▶ [Task to complete] Reproduce every entry below precisely; do not include the pictures.

Start of Records

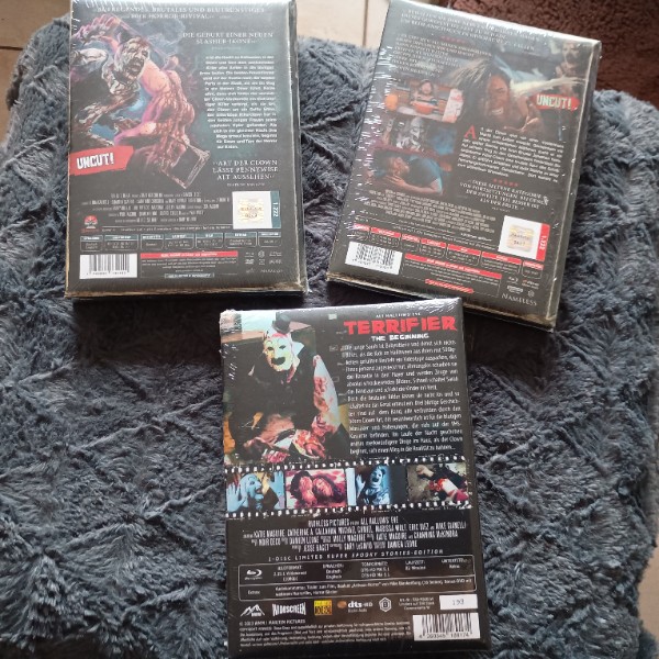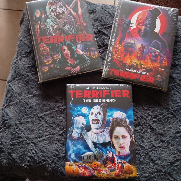 Terrifier, Terrifier 2 und Terrifier The Beginning jeweils im wattierten Mediabook.
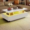 Tavolino moderno BALCONERA bianco (900550410mm) – Finitura lucida UV, 4 cassetti e striscia LED RGB a 7 colori, staccabile
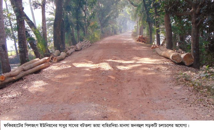 বাগেরহাটের ফকিরহাটের পিলজংগ ইউনিয়নের সাধুর সাধের বটতলা ভায়া বাহিরদিয়া মানসা বাজার জনবহুল একমাত্র সড়কটি এখন চলাচলের অযোগ্য হয়ে পড়েছে। সড়কটির অধিকাংশ স্থানে পিচের কার্পেটিং উঠে বড়বড় গর্তের সৃষ্টি হয়ে তা এখন চলাচলে বাঁধা হয়ে দাড়িয়েছে। বছরের পর বছর উপজেলাবাসি জনবহুল এই গুরুত্বপূর্ণ সড়কটি মেরামত বা সংস্কার করার জন্য স্থানীয় সরকার প্রকৌশলী অফিদপ্তরের উর্দ্ধতন কর্মকর্তাদের হস্তক্ষেপ কামনা করলেও তা এখনও মেরামত করা হয়নী। যে কারনে বাহিরদিয়া-মানসা, নলধা-মৌভোগ, ফকিরহাট সদর, মুলঘর, রুপসার টিএস বাহিরদিয়া, কাজদিয়া, আলাইপুর, পালেরহাট ও আজগড়াসহ বিভিন্ন এলাকার হাজার হাজার জনসাধারনকে পোহাতে হচ্ছে সীমাহিন দুর্ভোগ। আতিদ্রæত সাধুর সাধের বটতলা, বৈলতলী, গাবখালী ভায়া বাহিরদিয়া মানসা বাজার সড়কটি সংস্কারের জন্য স্থানীয় এলাকাবাসি উর্দ্ধতন কর্মকর্তাদের কাছে জোর দাবী জানিয়েছেন।
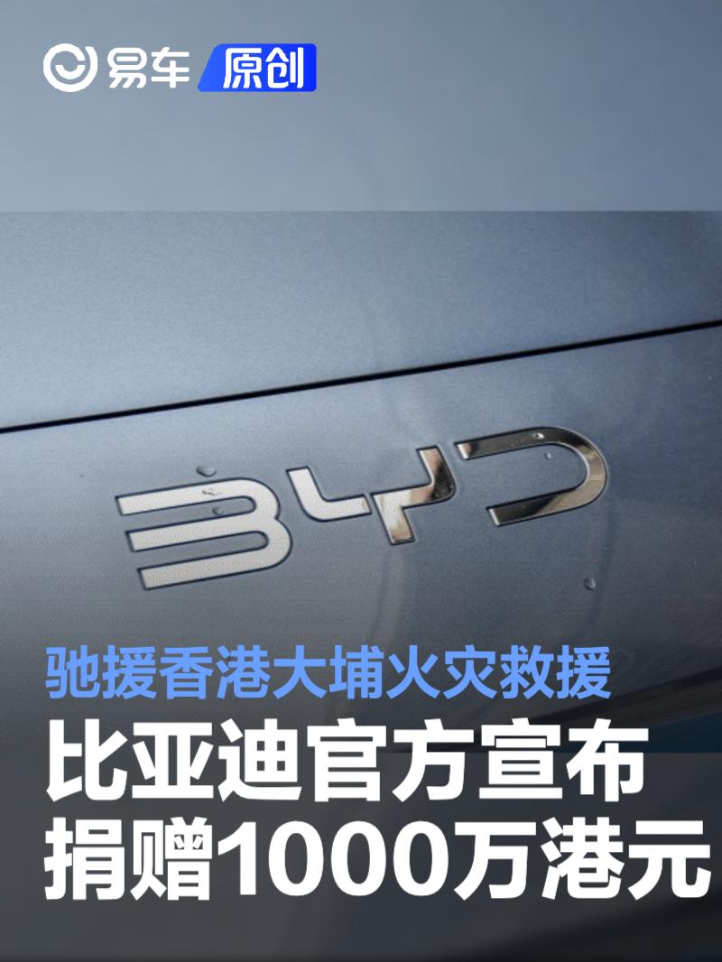 易车讯 11月27日,比亚迪官方宣布捐赠1000万港元,紧急驰援香港大埔火灾救援。官方表示,香港新界大埔屋邨宏福苑多栋住宅楼发生火灾,造成重大损失,牵动着社会各界的心。
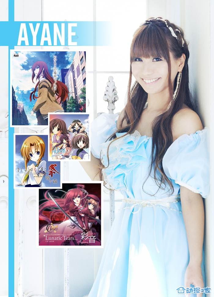 作为新生代女歌手的实力唱将之一,大家应该对彩音熟悉无比了。出道不久即受到知名音乐人、MAGES(前5pb.)霸道总裁志仓千代丸慧眼所拾,随后为其旗下多部作品献声,从MO、龙刻、11eyes到水夏、寒蝉鸣泣之时、石头门,彩音充分地展现了她出色的演唱技巧。从j-pop、电子舞曲到空灵系,彩音都有上好的表现,这次来广州参加NEO GENERATION的演出相当值得期待!
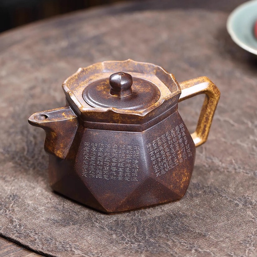 300毫升宜兴紫砂壶手工心经茶壶六方壶原矿龙骨金砂料钻石僧帽壶

End of Records

▶ [Completed task]
 Terrifier, Terrifier 2 und Terrifier The Beginning jeweils im wattierten Mediabook.
 Tavolino moderno BALCONERA bianco (900550410mm) – Finitura lucida UV, 4 cassetti e striscia LED RGB a 7 colori, staccabile
 বাগেরহাটের ফকিরহাটের পিলজংগ ইউনিয়নের সাধুর সাধের বটতলা ভায়া বাহিরদিয়া মানসা বাজার জনবহুল একমাত্র সড়কটি এখন চলাচলের অযোগ্য হয়ে পড়েছে। সড়কটির অধিকাংশ স্থানে পিচের কার্পেটিং উঠে বড়বড় গর্তের সৃষ্টি হয়ে তা এখন চলাচলে বাঁধা হয়ে দাড়িয়েছে। বছরের পর বছর উপজেলাবাসি জনবহুল এই গুরুত্বপূর্ণ সড়কটি মেরামত বা সংস্কার করার জন্য স্থানীয় সরকার প্রকৌশলী অফিদপ্তরের উর্দ্ধতন কর্মকর্তাদের হস্তক্ষেপ কামনা করলেও তা এখনও মেরামত করা হয়নী। যে কারনে বাহিরদিয়া-মানসা, নলধা-মৌভোগ, ফকিরহাট সদর, মুলঘর, রুপসার টিএস বাহিরদিয়া, কাজদিয়া, আলাইপুর, পালেরহাট ও আজগড়াসহ বিভিন্ন এলাকার হাজার হাজার জনসাধারনকে পোহাতে হচ্ছে সীমাহিন দুর্ভোগ। আতিদ্রæত সাধুর সাধের বটতলা, বৈলতলী, গাবখালী ভায়া বাহিরদিয়া মানসা বাজার সড়কটি সংস্কারের জন্য স্থানীয় এলাকাবাসি উর্দ্ধতন কর্মকর্তাদের কাছে জোর দাবী জানিয়েছেন।
 易车讯 11月27日,比亚迪官方宣布捐赠1000万港元,紧急驰援香港大埔火灾救援。官方表示,香港新界大埔屋邨宏福苑多栋住宅楼发生火灾,造成重大损失,牵动着社会各界的心。
 作为新生代女歌手的实力唱将之一,大家应该对彩音熟悉无比了。出道不久即受到知名音乐人、MAGES(前5pb.)霸道总裁志仓千代丸慧眼所拾,随后为其旗下多部作品献声,从MO、龙刻、11eyes到水夏、寒蝉鸣泣之时、石头门,彩音充分地展现了她出色的演唱技巧。从j-pop、电子舞曲到空灵系,彩音都有上好的表现,这次来广州参加NEO GENERATION的演出相当值得期待!
 300毫升宜兴紫砂壶手工心经茶壶六方壶原矿龙骨金砂料钻石僧帽壶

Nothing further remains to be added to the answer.